Dorian's Damage Underscores Need to Prepare for Storms and Climate Change
Private investment in the reconstruction of the Bahamas after Hurricane Dorian could set a precedent for storm recovery in the United States.
Resilience expert Alan Rubin, a principal with Blank Rome Government Relations in New York, discussed the matter in Washington recently with U.S. Rep. Eliot Engel, D-N.Y.; Engel’s chief of staff, Bill Weitz; Eric Jacobstein, senior policy advisor for the House Committee on Foreign Affairs; and representatives from the international development agency U.S. Agency for International Development, which sent a response team to the Bahamas.

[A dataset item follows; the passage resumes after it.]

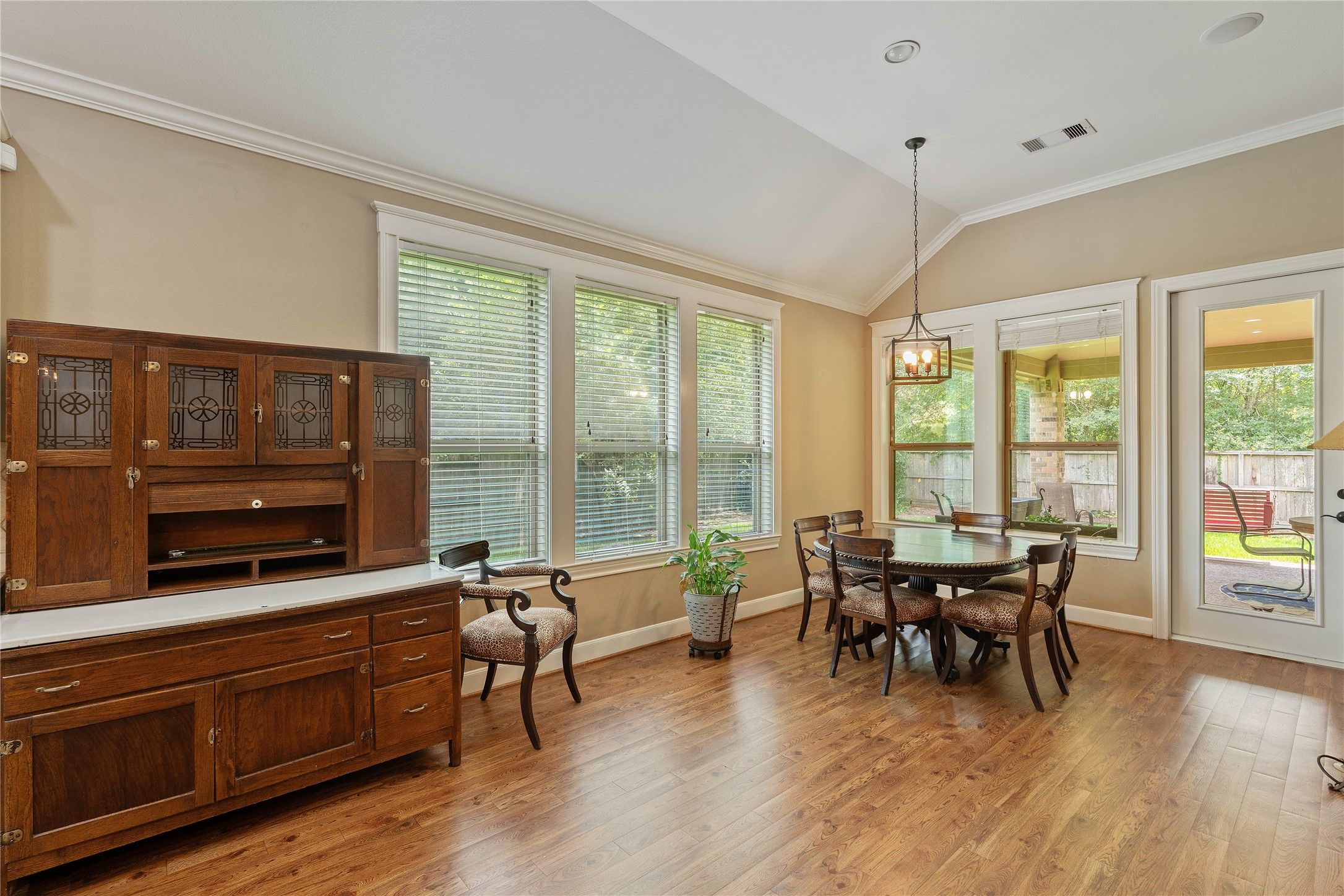 - Breakfast Bar, Crown Molding, Double Vanity, Entrance Foyer, Granite Counters, Handicap Access, High Ceilings, Kitchen Island, Kitchen/Family Room Combo, Pantry, Tub Shower, Walk-In Pantry, Window Treatments, Ceiling Fan(s), Kitchen/Dining Combo, Living/Dining Room

“There are fundings that come from both USAID and the [United Nations],” said Rubin, nicknamed the “Hurricane Czar” for his recovery plan for South Florida after Hurricane Andrew struck in 1992. “This is one place where private investment might be the first monies in as opposed to in the U.S. where [the Federal Emergency Management Agency] is involved, and then you get U.S. money that’s allocated out of Congress.

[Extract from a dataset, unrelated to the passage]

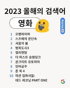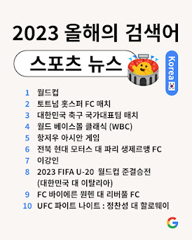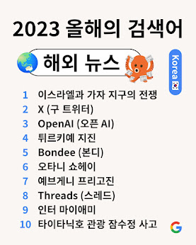 2023년도 올해의 검색어에서는 글로벌의 검색어 리스트 중 세 가지 부문에서 한국 관련 검색어가 다시 한번 순위에 올라 큰 주목을 끌었습니다.

“In this particular case, there could be private investment in companies that are doing disaster recoveries, to put the money in first, and then receive monies back from USAID,” Rubin added, “So this is very different than a public-private partnership.”
"Dorian's Damage Underscores Need to Prepare for Storms and Climate Change," by Paul Burton was published in The Bond Buyer on September 23, 2019.